VATICAN CITY — Pope Francis arrived back in Rome today at the end of his week-long pastoral visit to Ecuador, Bolivia and Paraguay. During the return flight the Pope held a traditional press conference with journalists on board, speaking of his experiences in Latin America and his plans as he looks ahead to his next trip to Cuba and the US in September.

As often happens, the in-flight papal press conference en route from Asunciòn to Rome, was both a synthesis of the trip to Latin America as a whole — and an insight into the mind and heart of Pope Francis.

Looking back over the 8-day visit to Ecuador, Bolivia and Paraguay, journalists asked the Pope to summarize his “message” to the Latin American Church. He did so by recalling the thing that struck him most in all three countries: the children. “I’ve never seen so many kids,” he said. “This is a Church of life … I wanted to encourage this young Church…which I believe can teach us a lot.”

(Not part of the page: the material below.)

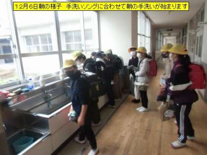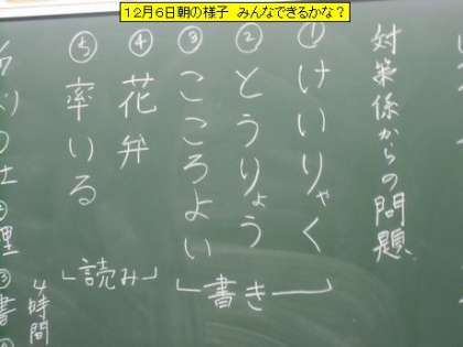 教室を回ると、朝の手洗いソングが流れてくるのが聞こえます。それに合わせて、登校後の手洗いが始まります。2年生の廊下に、ポストが置いてありました。「本のしょうかいカード」への返事を書きます。どんな返事が来るか、子どもたちは楽しみにしているようです。5年生の黒板には、「月例テスト対策班」が考えた問題が書いてありました。みんなで勉強していることが分かります。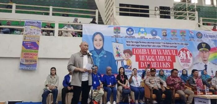 LUBUK LINGGAU. Wali Kota Lubuk Linggau, H Rachmat Hidayat membuka secara resmi kegiatan Lomba Mewarnai Menggambar dan Melukis Tingkat Pelajar dalam rangka memperingati HUT Bhayangkara, Hari Bhakti Adhyaksa dan Hari Anak Nasional di Taman Olahraga Megang (TOM) Kota Lubuk Linggau, Sabtu (26/7/2025)

Another question regarded Pope Francis’ support for popular movements, as opposed to the business world. He replied saying that his message is the same to both: a message that comes straight out of the Church’s social doctrine and which he simply applies to specific situation. “It’s catechism,” he said.

Looking ahead to the visit to the United States and Cuba this September, Pope Francis was asked how he is dealing with a perception by some in the U.S. that he is critical of American economic systems. “Every criticism must be received, studied and then talked through,” he replied. “If I don’t dialogue with those who criticize then I have no right to express an opinion.” He admitted that, in preparation for the visit, he now needs to begin studying these criticisms in order to prepare to dialogue.

The Pope also gave new details about the process that led to the Vatican mediation between the U.S. and Cuba, concluding that it was the result of “the goodwill of the two countries and the merit is theirs.”

Finally, while recognizing Pope Francis as a champion of the poor, one journalist asked him why he doesn’t also defend the middle class. The Pope thanked him for the observation, acknowledging that “polarization” is causing the middle class to shrink. He also promised “dig deeper into the Church’s teaching” in this regard.